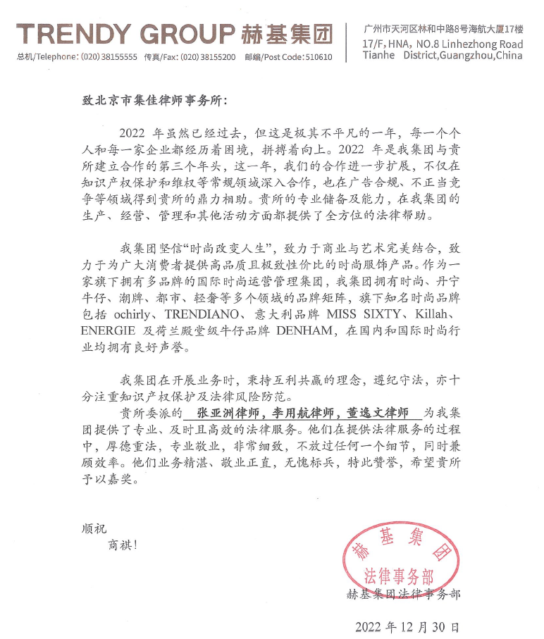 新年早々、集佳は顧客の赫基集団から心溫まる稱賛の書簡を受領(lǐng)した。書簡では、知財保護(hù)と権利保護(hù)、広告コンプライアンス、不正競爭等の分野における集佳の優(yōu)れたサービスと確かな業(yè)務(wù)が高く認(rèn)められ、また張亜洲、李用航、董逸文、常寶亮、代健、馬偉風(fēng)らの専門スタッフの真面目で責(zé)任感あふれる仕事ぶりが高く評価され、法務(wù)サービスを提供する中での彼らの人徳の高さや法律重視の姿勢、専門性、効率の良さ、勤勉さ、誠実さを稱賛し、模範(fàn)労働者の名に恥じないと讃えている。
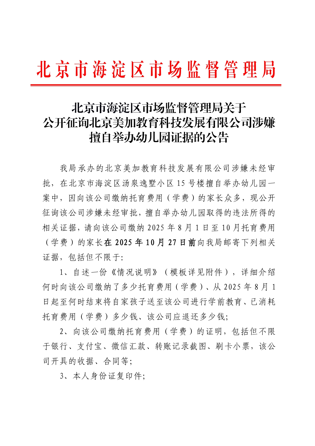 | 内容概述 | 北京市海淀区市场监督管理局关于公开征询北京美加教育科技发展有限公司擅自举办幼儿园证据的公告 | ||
---
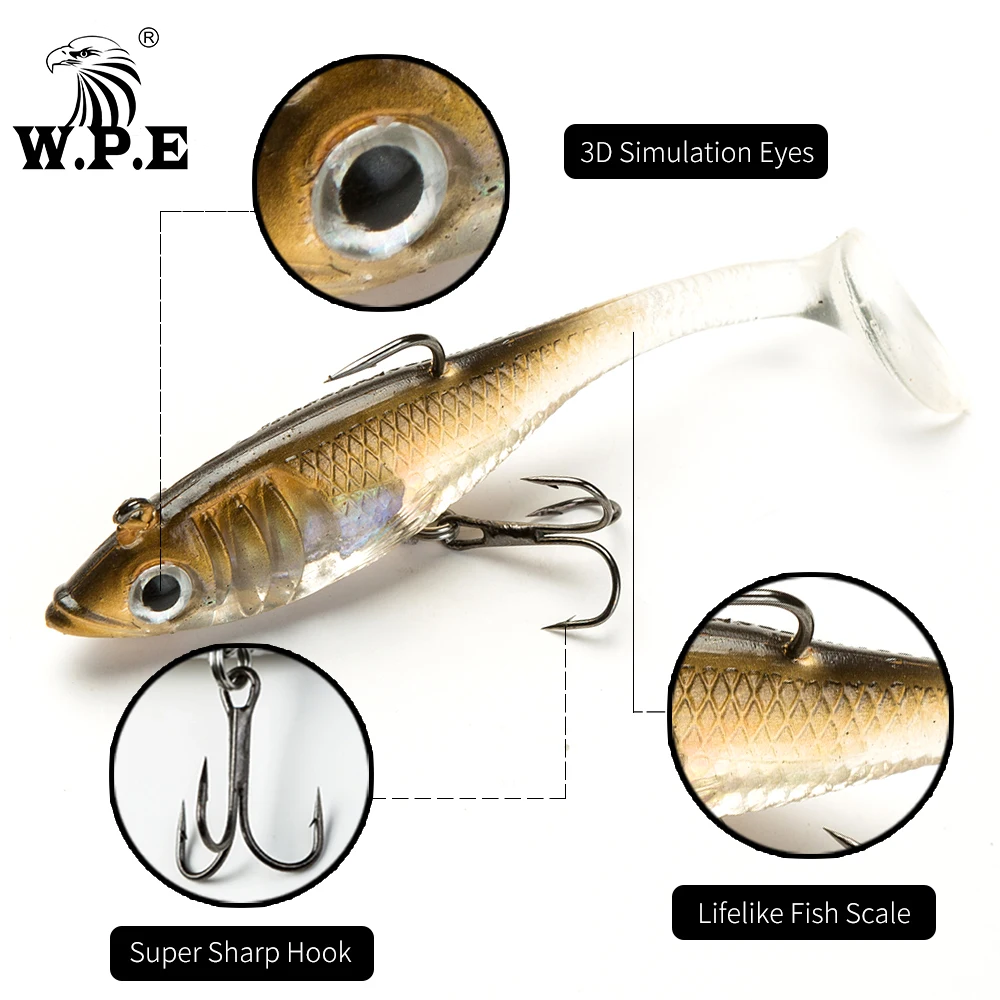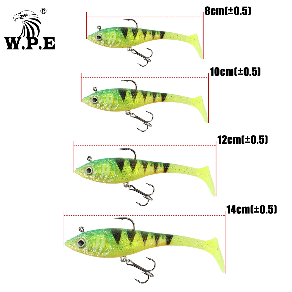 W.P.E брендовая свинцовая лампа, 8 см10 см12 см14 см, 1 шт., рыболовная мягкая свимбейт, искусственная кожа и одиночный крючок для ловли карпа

Work instruction: While skipping the pictures, transcribe the data above from the line showing "新年早々、集佳は顧客の赫基集" through the line showing "北京市海淀区市场监督管理局关于公开征询北京美加教育科技发展有限公司擅自举办幼儿园证据的公告 | ||", exactly and with both ends.

Task solution:
 新年早々、集佳は顧客の赫基集団から心溫まる稱賛の書簡を受領(lǐng)した。書簡では、知財保護(hù)と権利保護(hù)、広告コンプライアンス、不正競爭等の分野における集佳の優(yōu)れたサービスと確かな業(yè)務(wù)が高く認(rèn)められ、また張亜洲、李用航、董逸文、常寶亮、代健、馬偉風(fēng)らの専門スタッフの真面目で責(zé)任感あふれる仕事ぶりが高く評価され、法務(wù)サービスを提供する中での彼らの人徳の高さや法律重視の姿勢、専門性、効率の良さ、勤勉さ、誠実さを稱賛し、模範(fàn)労働者の名に恥じないと讃えている。
 | 内容概述 | 北京市海淀区市场监督管理局关于公开征询北京美加教育科技发展有限公司擅自举办幼儿园证据的公告 | ||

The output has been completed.